Appel à communications
Un autre Texas ?
Une exploration de la richesse et de la diversité du Lone Star State (1970s-2020s)
Le 6 novembre 2026, Université Paris Cité
Automne 2027, INU Champollion, Albi
Une série de deux journées d’études
Organisée par Emilie Cheyroux (INU Champollion, Albi), Marine Soubeille (Université Paris Cité) et David Roche (Université de Montpellier Paul-Valéry, Institut Universitaire de France)

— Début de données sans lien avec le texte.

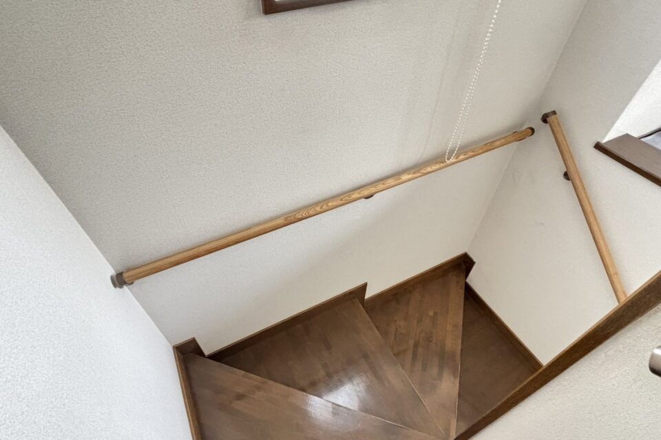 N様より、階段に手すりを取り付けたいとのご相談を頂きました。担当が現場に訪問させていただき、設置場所の状況を把握した上で、作業をさせていただきました!手すりを設置することで、安心してお過ごしいただけるようになりました!
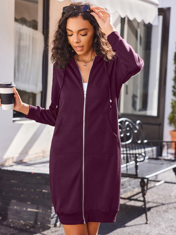 ·Features: Knee Length, Cropped Zip-up Hoodie, Long Sleeve Fleece Sweater Dress, Drawstring Hood and Zip Fastening, Side Pockets, Casual loose style, Long Hoodie Tunic.
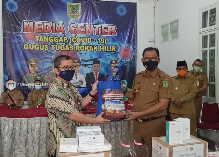 Kemarin, Gugus Tugas Covid-19 Kabupaten Rokan Hilir mendapatkan bantuan sebanyak 40 unit pakaian dekontaminasi (hazmat), 1.160 masker medis, dan 528 botol hand sanitizer yang diterima langsung oleh Bupati sekaligus Ketua Gugus Tugas Covid-19 Kabupaten Rokan Hilir, H. Suyatno.
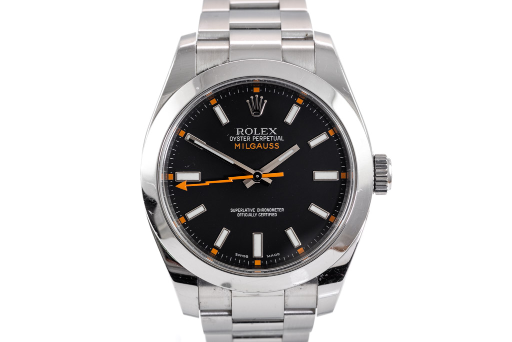 Rolex Oyster Perpetual Milgauss stainless steel mens automatic watch. Black dial, case diameter: 40mm, wrist size: 18cm, Swiss made. Ref# 116400, Circa: 2008 or 2009. With Rolex stainless steel Oyster bracelet and clasp. With Certificate of Authenticity and Rolex box. 3 month FSA warranty. (Pre-owned)
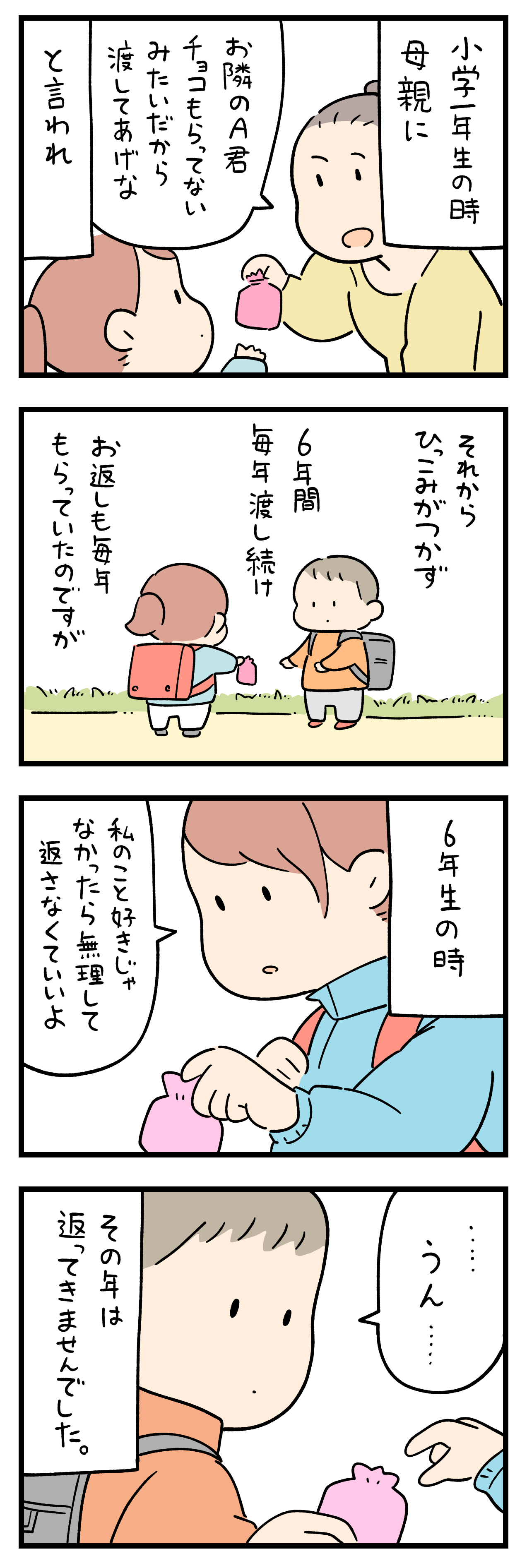 「バレンタインの忘れられない出来事」27 2024年02月12日 ひとこと体験談「バレンタインの忘れられない出来事」その27書籍が出ました ちょっと怖い話50話まとめました キュンとした出来事50話まとめました ひとこと体験談の電子書籍です全巻無料で読めます! 体験談募集中ですツイッターかインスタのDMで教えて下さい! 「フォロワーさんの体験談」カテゴリの最新記事 タグ :#バレンタインの忘れられない出来事 < 前の記事次の記事 > コメント コメント一覧 (9) 1. 英世 2024年02月12日 18:06 切ない🥹 一年生の子に貰ってないみたいだから、っていう言葉もなんだかなあ 0 siroyagisanti がしました 2. BB 2024年02月12日 18:27 母親の気遣いが、小学生には残酷な結果をもたらした。 0 siroyagisanti がしました 3. 見事なわかれ 2024年02月12日 18:57 スッキリしたね 0 siroyagisanti がしました 7. お互いに 2024年02月12日 22:22 >>3 女の子も引っ込みがつかなかっただけですしね 逆に男の子に本気になられても困ってしまうから、いいタイミングでしたね 0 siroyagisanti がしました 4. みかん 2024年02月12日 19:08 2人共クールだなぁ笑 0 siroyagisanti がしました 5. ななし 2024年02月12日 21:49 親同士の付き合いがあって、あげたりもらったりって結構あるんじゃないでしょうか。 本人たちは何とも思ってないよね。 0 siroyagisanti がしました 6. ナースコール連打マシン 2024年02月12日 22:04 ほっこり…じゃあないだとw!!!!!!!???? 0 siroyagisanti がしました 8. バレンタイン イブ❓ 2024年02月13日 22:15 ずっとお返しをしてたみたいだけど・・・ 本当は迷惑だったのかな? 色々、グルグル考えちゃうな 0 siroyagisanti がしました 9. チョコマッチョ 2024年02月14日 08:42 お互いおギリだった。 人との交流なんてこんなもんだよね。 0 siroyagisanti がしました コメントフォーム 名前 コメント 記事の評価 リセット リセット 顔 星 情報を記憶 コメントを投稿する
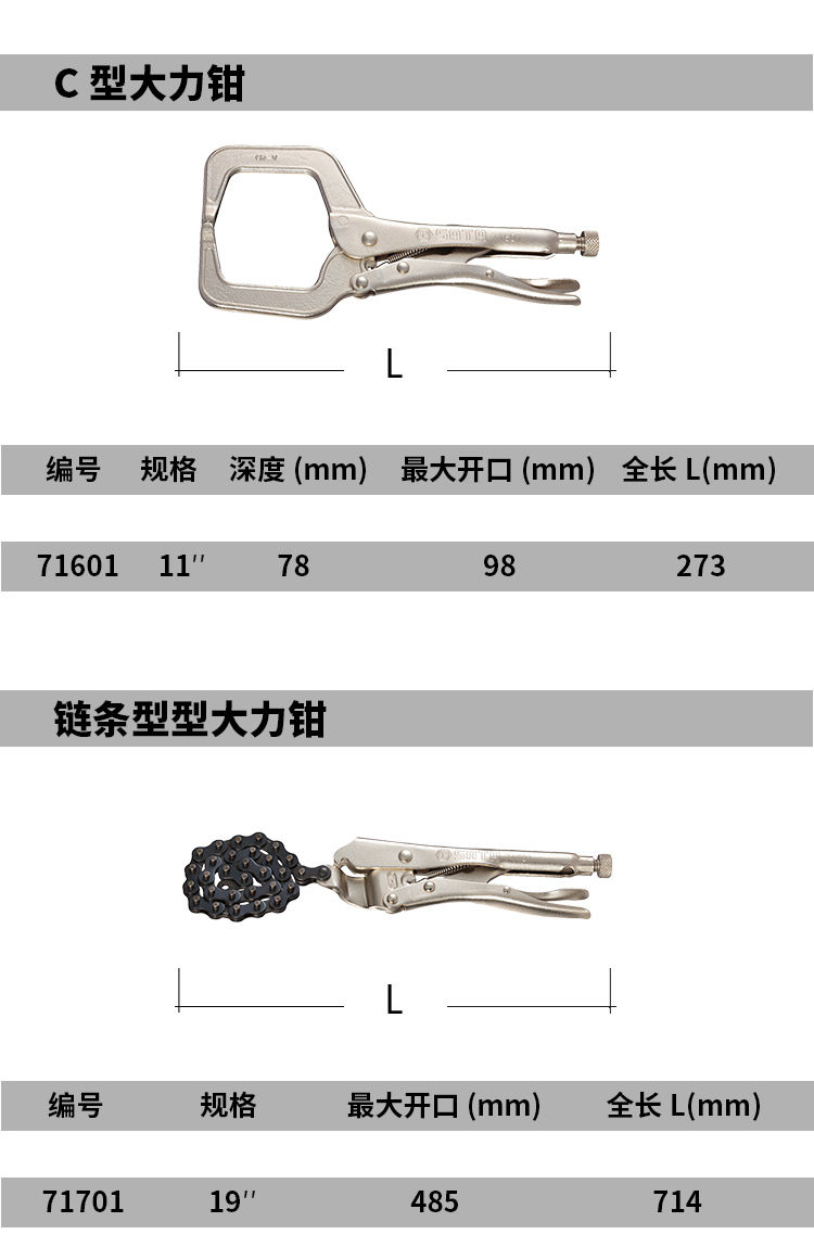 | Цвет: | 71401/Щипцы сварочные мощные 9", 71501/Щипцы железные 8 дюймов, 71601/c тип типа Big Force Clamp 11 '', 71701/глава Power Pliers 19 '' |
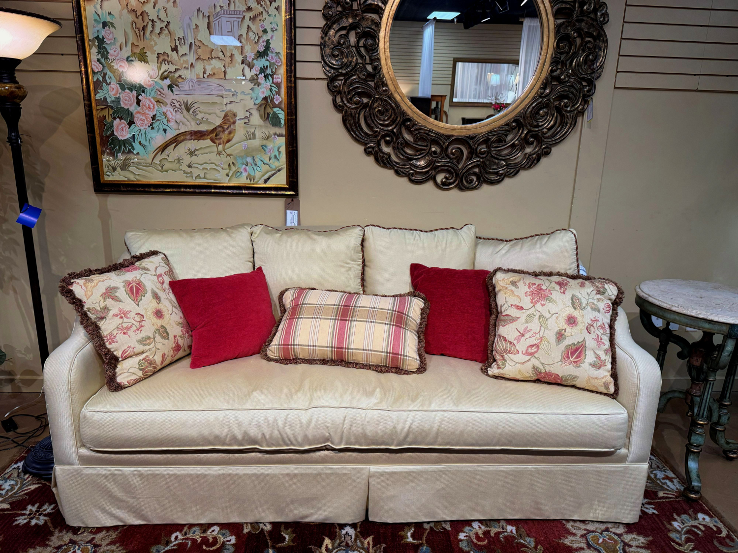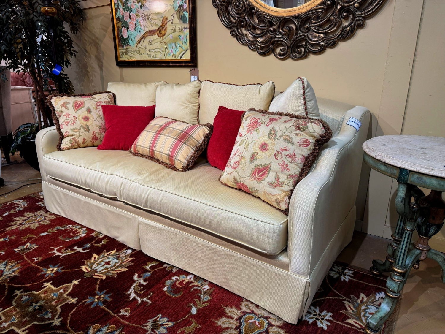Jordan Alexander single cushion pillow back skirted sofa in a soft maize upholstery. Ultra comfortable. Includes accent pillows. 89”long x 42”deep x 40”high.
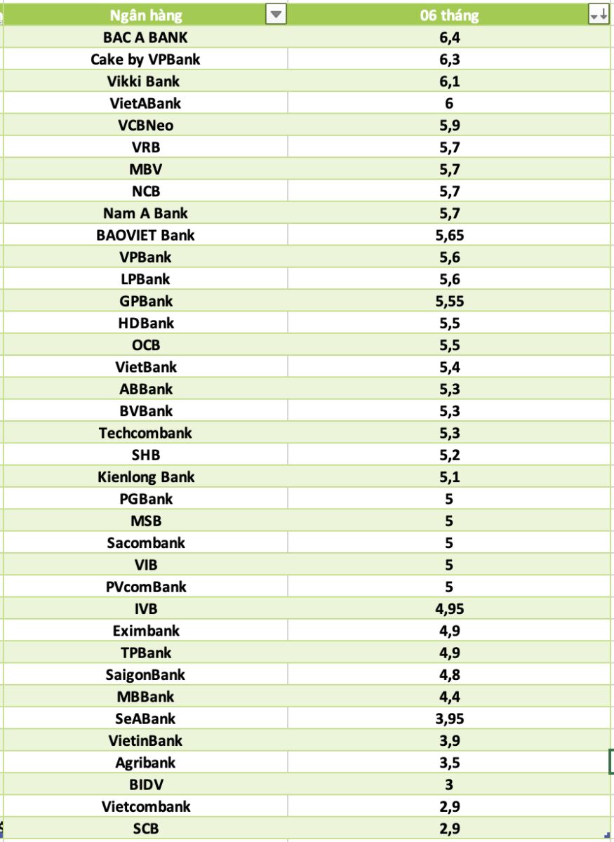 Lãi suất gửi tiết kiệm tại các ngân hàng kỳ hạn 6 tháng
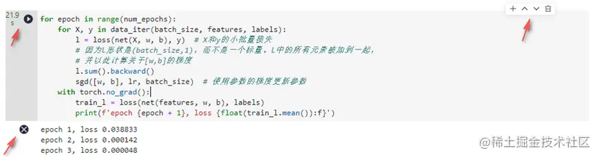 可以在cell左侧点击运行按钮执行代码,执行完成后显示运行时长
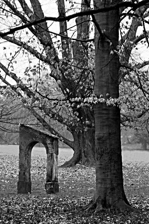 Un buon BN per uno scorcio davvero pittoresco.Mi sarei soltanto spostato leggermente sulla sx per lasciare un po' d'aria tra i due alberi. Comunque complimenti.
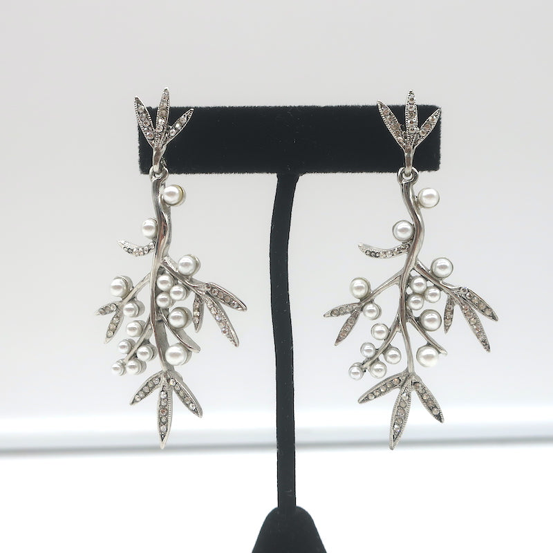 Oscar de la Renta Crystal & Faux Pearl Branch Drop Earrings Silver
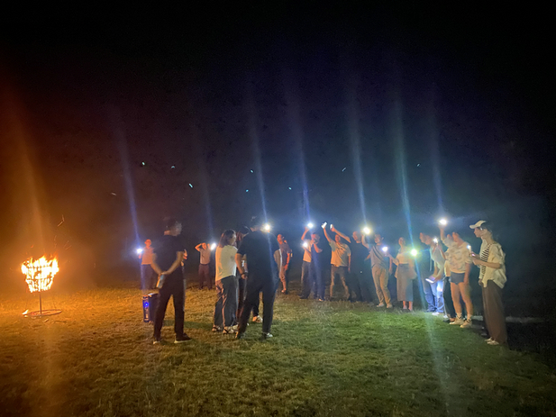 氣氛不斷升溫,現(xiàn)場(chǎng)充滿(mǎn)了歡聲笑語(yǔ)。小伙伴們圍在一起開(kāi)始了篝火晚會(huì)。
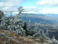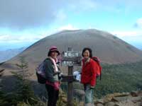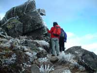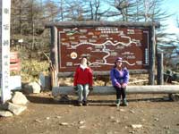 槍が鞘での展望を楽しみ一旦僅かに降りトーミの頭の急登になる。登りつめると目前に雲も切れた浅間山の全容がはっきりと見える。樹林には霧氷が出来ていて雪を被った天然のクリスマスツリーが林立していて、太陽光に乱反射して見事な光景となっている。山頂付近は西風が強く吹いているが登山道は西側にある樹林に遮られて比較的楽に歩ける。 トーミの頭からは登山道も緩やかになり右手に湯の平に降る草すべり路を見送り、直ぐに中コースとの合流点を過ぎ、目的の黒斑山標高2404mの山頂に出る(12:10)。気温が低く寒いので日当りの良い山頂の一角で昼食にする。お湯を沸かし暖かいインスタント食品で体を温める。山頂には10名ほどの登山者が昼食休憩をしていて時々浅間山にカメラを向けている。

Si le Texas est indéniablement l’un des États les plus conservateurs des États-Unis aujourd’hui (le gouverneur G. Abbott mène depuis 2015 une politique drastique en matière d’immigration et d’éducation, poursuivant l’héritage de R. Perry et G. W. Bush), son image dans les médias, notamment en Europe, tend à présenter l’État comme un lieu homogène où seules les lois les plus réactionnaires sont votées et où les débats politiques se règlent à coups de fusil. C’est en tout cas ce que dépeignent des séries télévisées à succès comme Dallas (CBS, 1978-1991) ou encore Walker, Texas Ranger (CBS, 1993-2001). Au cours de son histoire tumultueuse, le Lone Star State a donné de nombreux arguments à ses détracteurs en matière de droits civiques, de politique frontalière et de culture politique. Cependant, le Texas a également toujours été un lieu de diversité politique, ethnique et culturelle, à l’image de sa géographie vaste et hétérogène, allant des vastes plaines du Panhandle aux forêts de pins de l’est du Texas, des horizons urbains de Dallas et Houston aux plages de sable de la côte du Golfe. Rappelons que c’est Lyndon B. Johnson, ancien membre du Congrès et sénateur du Texas, qui a lancé les programmes sociaux de la Grande Société au niveau national après l’assassinat de Kennedy et qui a fait adopter les lois sur les droits civiques en 1964 et 1968 (tout en refusant de se désengager de la guerre du Vietnam). Ann Richards, dernière gouverneure démocrate du Texas à ce jour (1991-1995), a perpétué l’héritage social des années 1970-1980, période où la coexistence entre modernité et tradition, entre hippies et cow-boys, selon Jason Mellard, a initié l’évolution de l’identité texane (Mellard, 2013). Quand Annise Parker devient maire en 2010, Houston est la plus grande ville des États-Unis à avoir une maire ouvertement lesbienne.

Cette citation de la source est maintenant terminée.